A short while ago a ferocious wind touched down close to where my cabin stands on Bitobi Lake. The storm was a wild one! It performed its dance and sang its song and took away with it, the spirits of many trees when it departed. Its power was such that the trees which fell to its rage did not do so because of being uprooted as is usually the case, but did so because of their trunks breaking at the level where their roots begin. Imagine the force of the wind to do this! One of the trees I speak about was an ash. The ash had stood only about 25 ft. from my shack and when it came down, it missed the corner of my cabin by only several feet. Upon seeing the near miss, I offered up my tobacco with a sincere heartfelt ‘migwech’ (thank you) to my lucky star for this.

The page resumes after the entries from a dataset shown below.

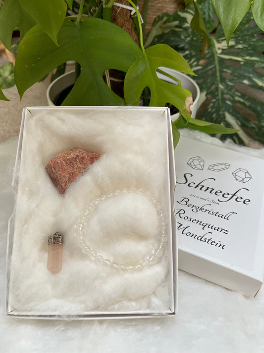 Edelstein-Set „Schneefee“ – Bergkristall, Mondstein & Rosenquarz | Geschenkset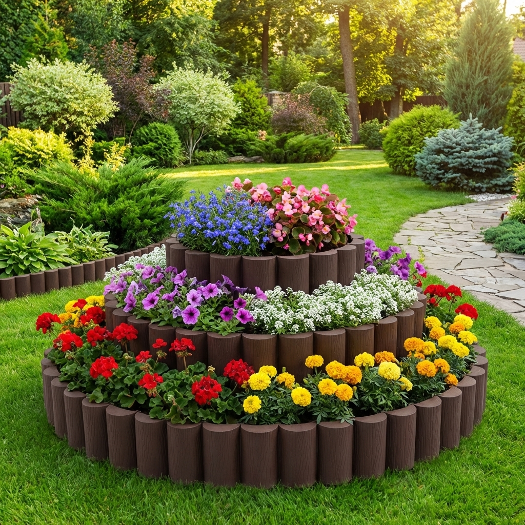 Многие думают, что красивая многоярусная клумба - это сложный ландшафтный проект, требующий найма дизайнера и бетонных работ. Но посмотрите на это фото: перед вами готовая композиция, которую вы можете собрать сами буквально за пару часов. Главный секрет здесь - наш бордюр «Пеньки». Это не просто ограждение, а настоящий конструктор для вашего сада. Забудьте про ржавеющий металл и гниющие доски: современный морозостойкий пластик позволяет экспериментировать с формами без лишних хлопот. Хотите повторить этот проект? Вот простая инструкция в три шага. Шаг 1. Рисуем контур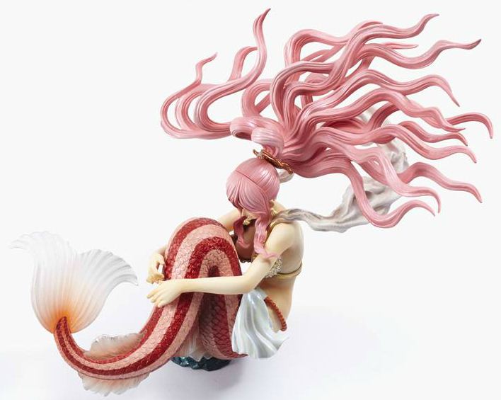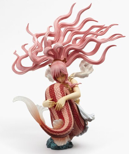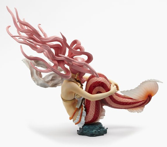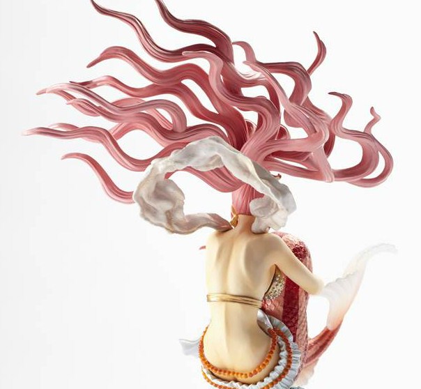 表現したかったポイントはやはり水中でゆらめく髪の毛ですネ。造形技法としてちょっとネタばらししますと、今回しらほしの羽衣は本物の布を樹脂で固めて造りました。「ちょっと反則じゃん!」と言われそうな気もしますが、自分としては既存の制作方法ではない部分も取り入れてより説得感のある原型になったと自負しています!<大谷>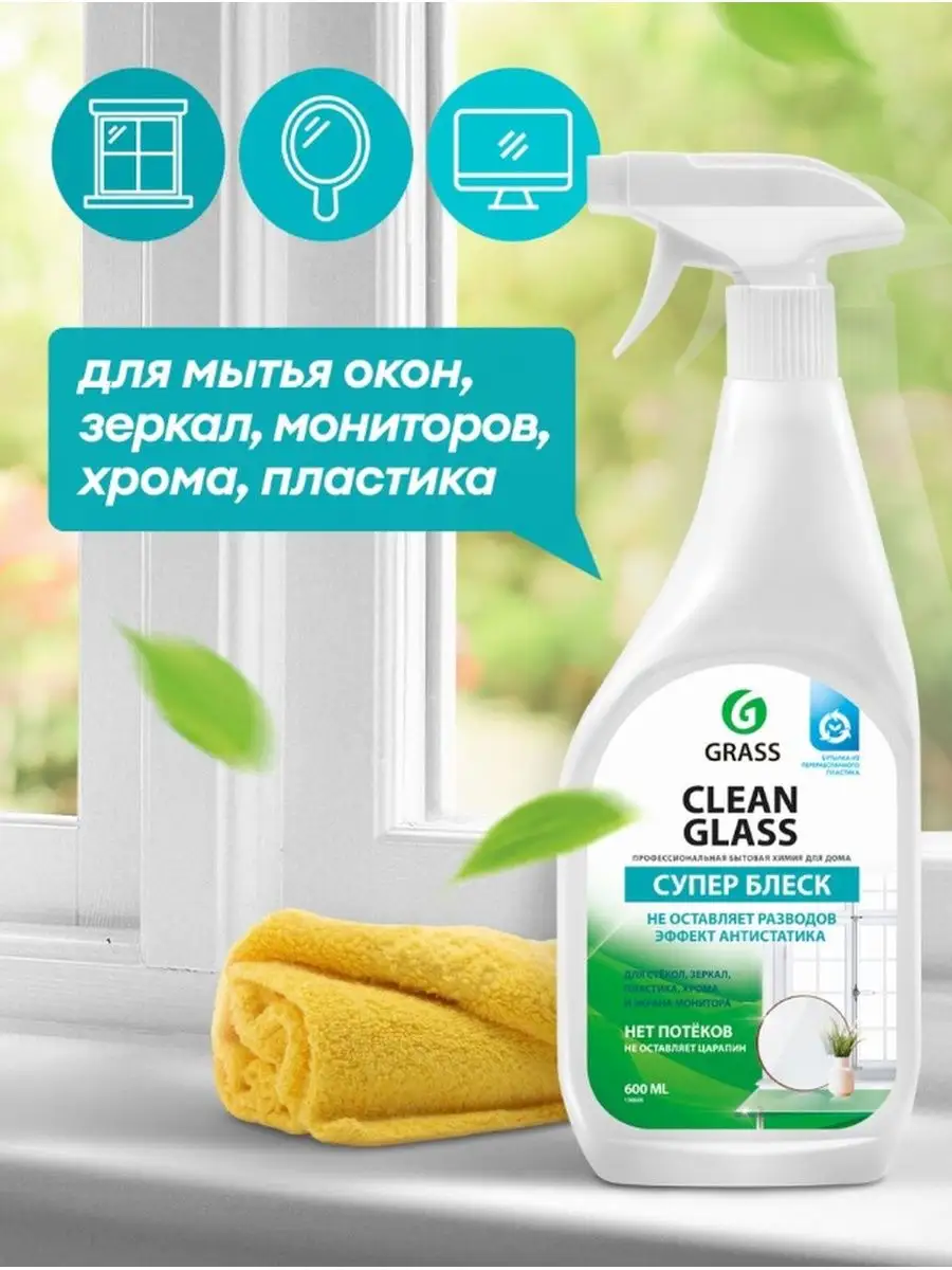 Описание: Спрей для стекол от компании ГРАСС. Спрей для стекол, зеркал, пластика, хрома, кафеля. Универсальное чистящее средство для окон, подходит для стекол и пластика. Не оставляет подтеков, разводов, экономичен в применении. Придает поверхностям анти-статические свойства. Может применяться в офисе для чистки мебели, обновления мониторов, стекол, зеркал, торгового оборудования. Готов к применению. Со средством Clean Glass мытье окон в вашем доме станет проще. Состав: ≥30% очищенная вода; <5%: изопропиловый спирт, неионогенные ПАВ, ароматизирующая добавка, краситель, метилхлороизотиазолинон, метилизотиазолинон.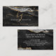 Black Agate Script Monogram Faux Gold Glitter Business Card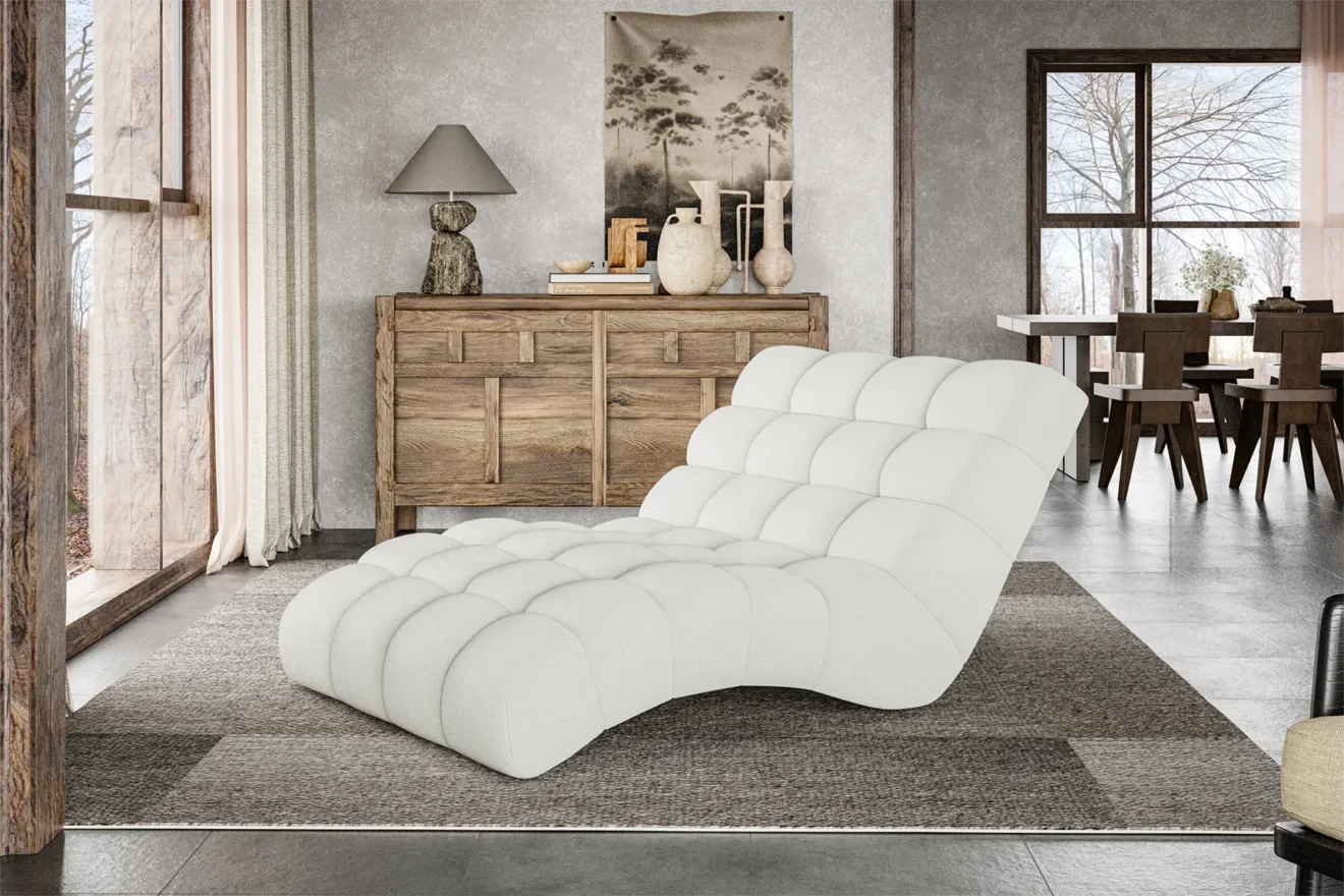 Szezlong Ego to wyjątkowy mebel stworzony z myślą o miłośnikach nowoczesnego designu i komfortowego wypoczynku. Jego charakterystyczna, falująca linia oraz geometryczne, dekoracyjne przeszycia nadają bryle dynamicznego, a zarazem eleganckiego charakteru. To propozycja, która przyciąga wzrok i staje się centralnym punktem aranżacji.

fallen treeThe trail leading to my cabin is one km long. On the day my granddaughter Madeline was born five years ago this past July, I walked the bush road to where my car was parked so I could go to the city to greet her. Not a sound did I hear, not a bird or animal did I see around me as I walked along. Because of this, I gave my granddaughter the name ‘Quiet Trail Morning’. It was along this very pathway that the brunt of the storm was felt by the trees of the forest. Trees a hundred feet tall lay on the ground. All broken at the trunk, all of them poplars – all had rips in them from trunk to at least 20 to 30 ft. into their stems. The wind produced by the storm caused the trees to swirl, making circles only the eagle high in the sky could see. And when the trunk of the tree could no longer tolerate the demands made of it by the storm, it broke. Some of the trees fell with their canopies pointed to the south, others with their leaf-covered branches pointing to the west. The fragrance of their sap spilled from their torn bark and engulfed the forest. One could breathe it in a half km away! They lay where the storm willed them to be. Time will travel by, generations of our people will be born while others will die as the poplars slowly decay until at last they will be consumed by the very earth which gave them life. And the people who will walk the trail in the distant future, will they wonder about such things as the weakness of poplar trees and the power of a roaming wind? I hope they do!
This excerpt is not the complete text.